A small fraction of the Kerosene flow from the first turbopump stage is used to drive the hydraulic actuators of the engine that allow each chamber of be moved by +/-3.5 degrees in one direction. With four chambers being able to move along different directions, attitude control in pitch, yaw and roll can be accomplished. Following payload separation, the Block I stage uses a reaction nozzle that vents the oxygen tank in order to move away from the separated spacecraft.
Angara uses a triple-redundant digital flight computer sharing a lot of commonality with the Proton launch vehicle. The control system features a digital onboard computer providing all vehicle commanding and guidance is provided by a 3-axis Inertial Measurement Unit.
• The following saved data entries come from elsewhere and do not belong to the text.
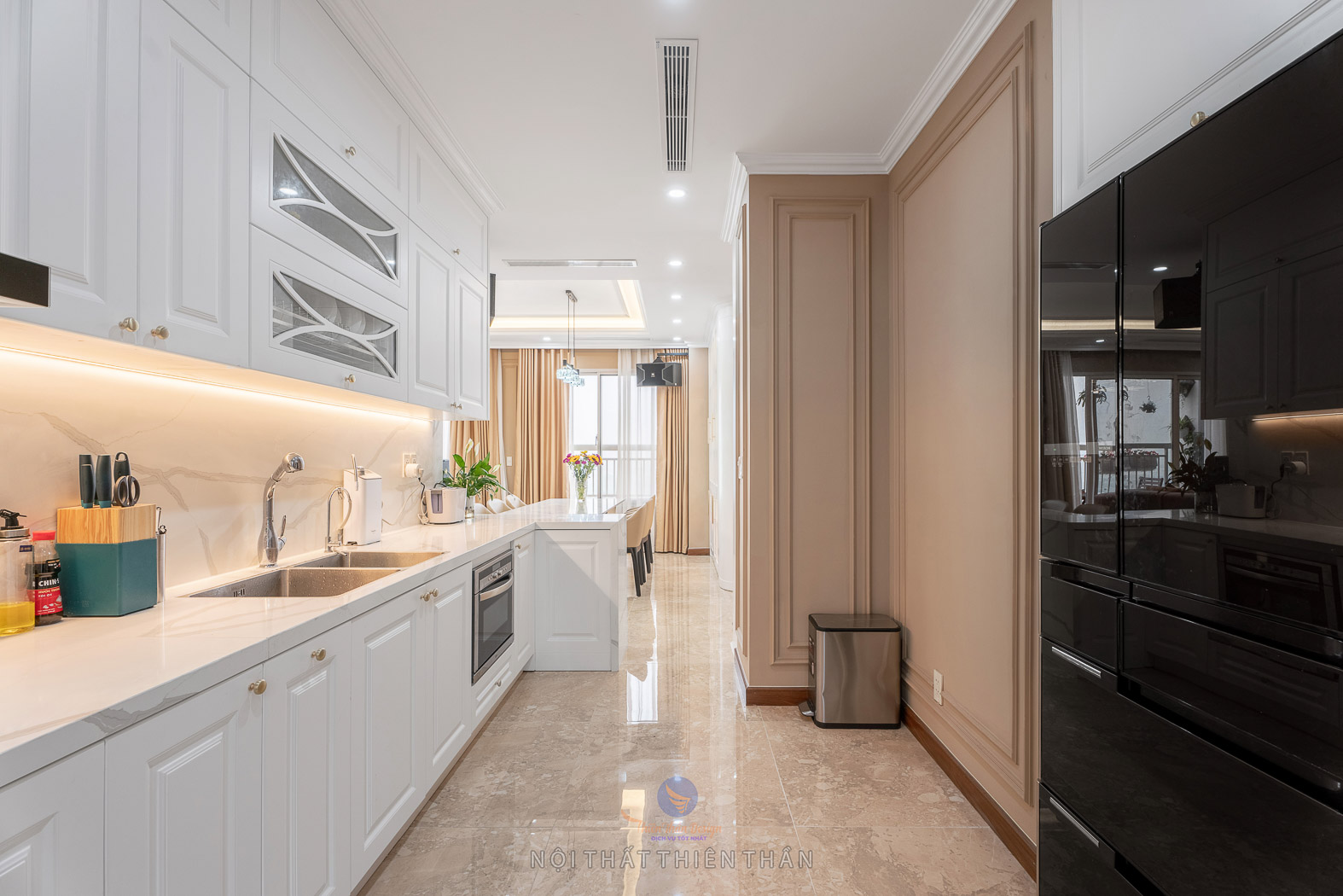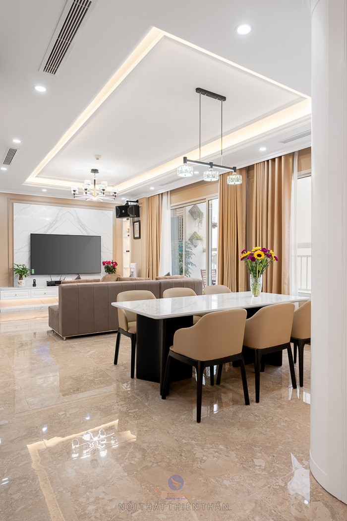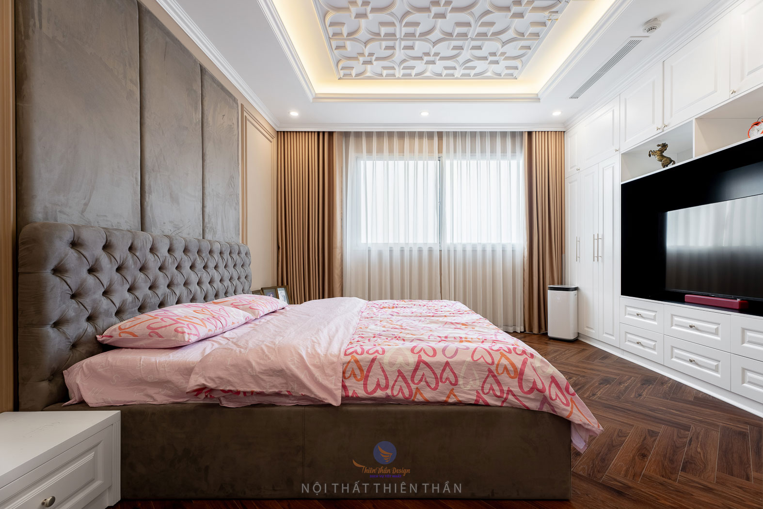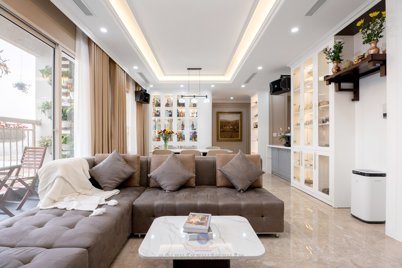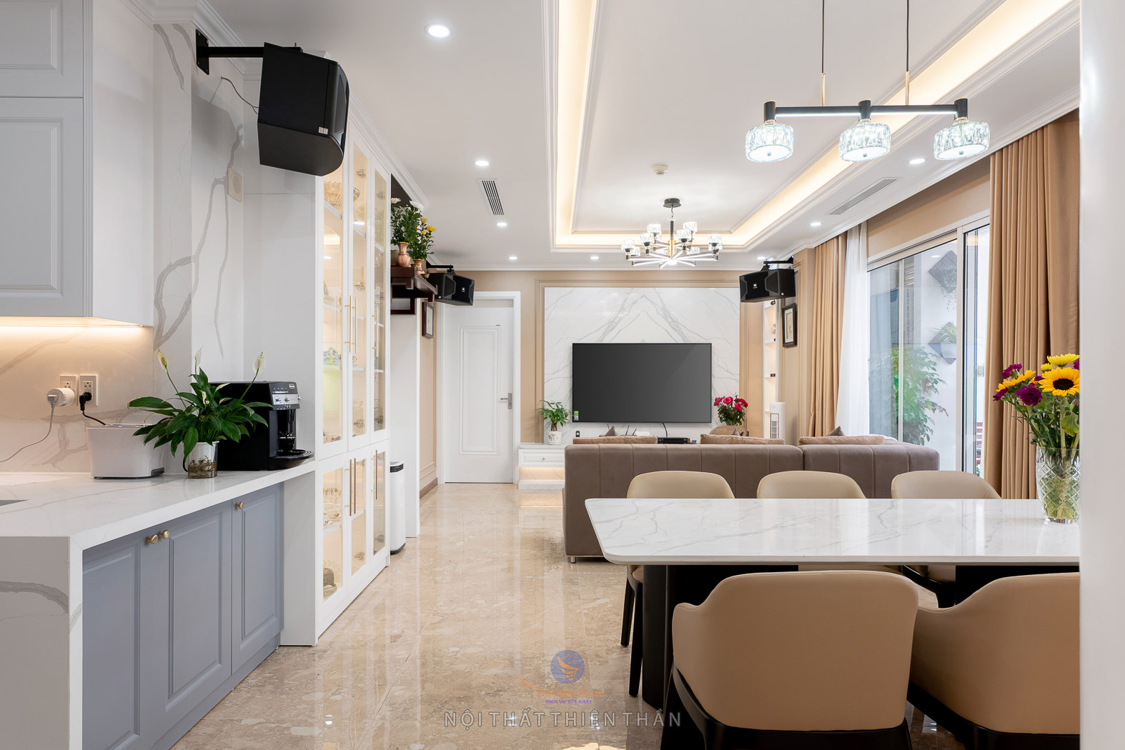 Căn hộ có diện tích 128m2 chia làm 3 phòng ngủ được KTS của Nội Thất Thiên Thần sửa đổi cải tạo làm mới từ đầu từ phần thô đến hoàn thiện nội thất. Phong cách được lụa trọn là bán cổ điển là sự kết hợp giữa nét hiện đại và sự tinh tế của những chi tiết cổ điển đã tạo nên không gian đẹp và đẳng cấp.
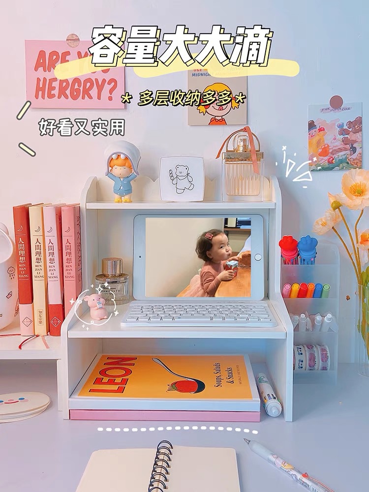 Настольная стойка для хранения Двухслойная деревянная простая книжная полка Стеллаж для хранения для стола Белое сердце девушки Студенческая косметическая коробка
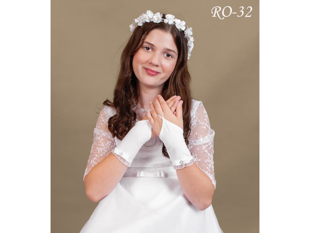 Detské svadobné rukavice s organzovým lemom, zdobené kryštálom.
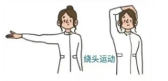 三、术后稳定期(1月以后) (一)目标:增强肌肉力量,逐步回归正常活动。 (二)禁忌:术侧手臂突然高举(如打羽毛球、游泳)。 1.绕头运动:站立位,身体不可弯曲,术肢抬起从同侧耳部逐渐摸向对侧耳后5-10分钟,每天1 ~ 2次。

The control equipment provides vehicle control, telemetry and navigation for the entire flight and issues all vehicle commands autonomously. The equipment is located in the area between the two propellant tanks inside a small equipment bay. The guidance mode used is closed-loop. A high-precision three-axis gyro stabilizer provides exact attitude data to the digital flight computer and the avionics system also provides flight termination in case of a major anomaly during ascent.
Optional Upper Stage
|Diameter||2.5 by 2.62m|
|Structure||Honeycomb Aluminum Core|
|Graphite enforced Facesheets|
|Fairing 2||Advanced Rockot Fairing|
|Structure||Two half-shell carbon-fiber|
|Separation||Mech. Locks, Pneumatic, Pushers|
When conceptualized, Angara 1.2 had the option of adding a Briz-KM upper stage, however, recent documents do not show this option. Nevertheless, Briz-KM can allow Angara 1.2 to reach high-energy trajectories carrying light payloads which represent a very small number of missions that have those requirements. To be able to launch with the 6,300-Kilogram upper stage, the vehicle would have to further reduce its first stage propellant load and the second stage would also need to launch with a partial propellant load. (For more details on Briz-KM, refer to our Rockot Overview)
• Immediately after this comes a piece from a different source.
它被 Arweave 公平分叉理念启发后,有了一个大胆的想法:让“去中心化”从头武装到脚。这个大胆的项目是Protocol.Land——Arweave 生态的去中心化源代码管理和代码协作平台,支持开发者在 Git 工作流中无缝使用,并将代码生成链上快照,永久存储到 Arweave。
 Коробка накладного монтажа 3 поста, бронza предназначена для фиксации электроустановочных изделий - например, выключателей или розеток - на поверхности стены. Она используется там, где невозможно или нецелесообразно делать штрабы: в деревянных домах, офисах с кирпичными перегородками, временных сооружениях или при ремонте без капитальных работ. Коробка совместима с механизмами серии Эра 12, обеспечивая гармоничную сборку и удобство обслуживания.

Angara 1.2 supports two fairing designs, the basic version is identical to that of the Rockot launcher and the second fairing variant is an advanced Rockot design offering more space to payloads.
The two fairing halves of Rockot are 7.8 meters in length and when joined have an elliptical shape that is 2.5 by 2.62 meters in diameter. Structurally, the fairing is comprised of a honeycomb aluminum core with graphite enforced facesheets. The usable payload envelope is 5.9 meters tall. Angara’s advanced fairing is 9.88 meters long and 3 meters in diameter with a total mass of around 800 Kilograms.
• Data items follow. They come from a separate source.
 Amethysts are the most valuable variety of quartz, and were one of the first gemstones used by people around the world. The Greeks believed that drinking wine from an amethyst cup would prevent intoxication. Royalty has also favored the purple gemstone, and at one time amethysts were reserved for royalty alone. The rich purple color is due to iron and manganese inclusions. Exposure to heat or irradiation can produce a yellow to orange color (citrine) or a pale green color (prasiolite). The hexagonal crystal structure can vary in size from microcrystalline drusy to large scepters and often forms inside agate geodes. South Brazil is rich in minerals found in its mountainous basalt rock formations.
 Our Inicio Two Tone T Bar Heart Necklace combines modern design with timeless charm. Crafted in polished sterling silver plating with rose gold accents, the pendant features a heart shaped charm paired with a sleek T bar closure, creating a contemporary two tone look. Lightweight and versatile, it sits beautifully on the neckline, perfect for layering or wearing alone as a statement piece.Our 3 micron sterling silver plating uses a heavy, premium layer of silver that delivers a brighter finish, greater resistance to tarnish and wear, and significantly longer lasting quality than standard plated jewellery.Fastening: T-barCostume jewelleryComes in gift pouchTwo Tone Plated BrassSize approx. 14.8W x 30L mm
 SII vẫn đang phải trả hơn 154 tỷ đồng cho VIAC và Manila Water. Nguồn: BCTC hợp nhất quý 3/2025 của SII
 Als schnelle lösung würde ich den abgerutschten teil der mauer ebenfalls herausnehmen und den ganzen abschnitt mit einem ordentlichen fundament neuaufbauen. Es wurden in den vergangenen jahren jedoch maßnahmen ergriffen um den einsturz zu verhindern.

The fairing protects the spacecraft against aerodynamic, thermal and acoustic environments that the vehicle experiences during atmospheric flight. When the launcher has left the atmosphere, the fairing is jettisoned by releasing mechanical locks that are holding the two half-shells together along the vertical split line via a pyrotechnic device located in the nose of the fairing. Following lock release, several pyrobolts on the horizontal split line are fired to enable the fairing to be moved sideward by spring pushers. Hinges on the fairing base ensure outward rotation and clean separation of the fairing.